**Dataset records:**
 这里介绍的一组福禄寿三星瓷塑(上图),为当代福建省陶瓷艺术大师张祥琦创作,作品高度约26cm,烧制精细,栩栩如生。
...
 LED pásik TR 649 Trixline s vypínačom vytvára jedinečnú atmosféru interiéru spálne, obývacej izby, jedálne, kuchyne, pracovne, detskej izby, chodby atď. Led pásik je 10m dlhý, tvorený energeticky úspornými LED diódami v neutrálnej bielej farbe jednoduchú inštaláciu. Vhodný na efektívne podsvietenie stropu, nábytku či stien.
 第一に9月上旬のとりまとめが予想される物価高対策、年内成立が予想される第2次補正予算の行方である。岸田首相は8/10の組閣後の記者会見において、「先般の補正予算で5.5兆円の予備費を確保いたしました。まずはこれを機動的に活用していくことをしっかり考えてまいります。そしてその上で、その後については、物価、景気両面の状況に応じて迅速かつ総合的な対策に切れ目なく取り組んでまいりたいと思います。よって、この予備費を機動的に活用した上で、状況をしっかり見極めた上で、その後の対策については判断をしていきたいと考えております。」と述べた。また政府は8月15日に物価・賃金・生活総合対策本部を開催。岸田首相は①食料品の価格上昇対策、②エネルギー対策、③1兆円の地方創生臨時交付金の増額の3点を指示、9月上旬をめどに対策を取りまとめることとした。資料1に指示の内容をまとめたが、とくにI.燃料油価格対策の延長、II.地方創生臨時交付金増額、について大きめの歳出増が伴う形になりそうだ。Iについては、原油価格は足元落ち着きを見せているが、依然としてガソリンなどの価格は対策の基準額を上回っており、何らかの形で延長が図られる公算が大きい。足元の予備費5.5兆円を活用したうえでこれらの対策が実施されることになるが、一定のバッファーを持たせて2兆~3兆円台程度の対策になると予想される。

**Task brief:**
Set down, unchanged, only those lines above that fall between the line with "LED pásik TR" and the line with "第一に9月上旬のとりまとめが", the two end lines included.

**Solution to this task:**
 LED pásik TR 649 Trixline s vypínačom vytvára jedinečnú atmosféru interiéru spálne, obývacej izby, jedálne, kuchyne, pracovne, detskej izby, chodby atď. Led pásik je 10m dlhý, tvorený energeticky úspornými LED diódami v neutrálnej bielej farbe jednoduchú inštaláciu. Vhodný na efektívne podsvietenie stropu, nábytku či stien.
 第一に9月上旬のとりまとめが予想される物価高対策、年内成立が予想される第2次補正予算の行方である。岸田首相は8/10の組閣後の記者会見において、「先般の補正予算で5.5兆円の予備費を確保いたしました。まずはこれを機動的に活用していくことをしっかり考えてまいります。そしてその上で、その後については、物価、景気両面の状況に応じて迅速かつ総合的な対策に切れ目なく取り組んでまいりたいと思います。よって、この予備費を機動的に活用した上で、状況をしっかり見極めた上で、その後の対策については判断をしていきたいと考えております。」と述べた。また政府は8月15日に物価・賃金・生活総合対策本部を開催。岸田首相は①食料品の価格上昇対策、②エネルギー対策、③1兆円の地方創生臨時交付金の増額の3点を指示、9月上旬をめどに対策を取りまとめることとした。資料1に指示の内容をまとめたが、とくにI.燃料油価格対策の延長、II.地方創生臨時交付金増額、について大きめの歳出増が伴う形になりそうだ。Iについては、原油価格は足元落ち着きを見せているが、依然としてガソリンなどの価格は対策の基準額を上回っており、何らかの形で延長が図られる公算が大きい。足元の予備費5.5兆円を活用したうえでこれらの対策が実施されることになるが、一定のバッファーを持たせて2兆~3兆円台程度の対策になると予想される。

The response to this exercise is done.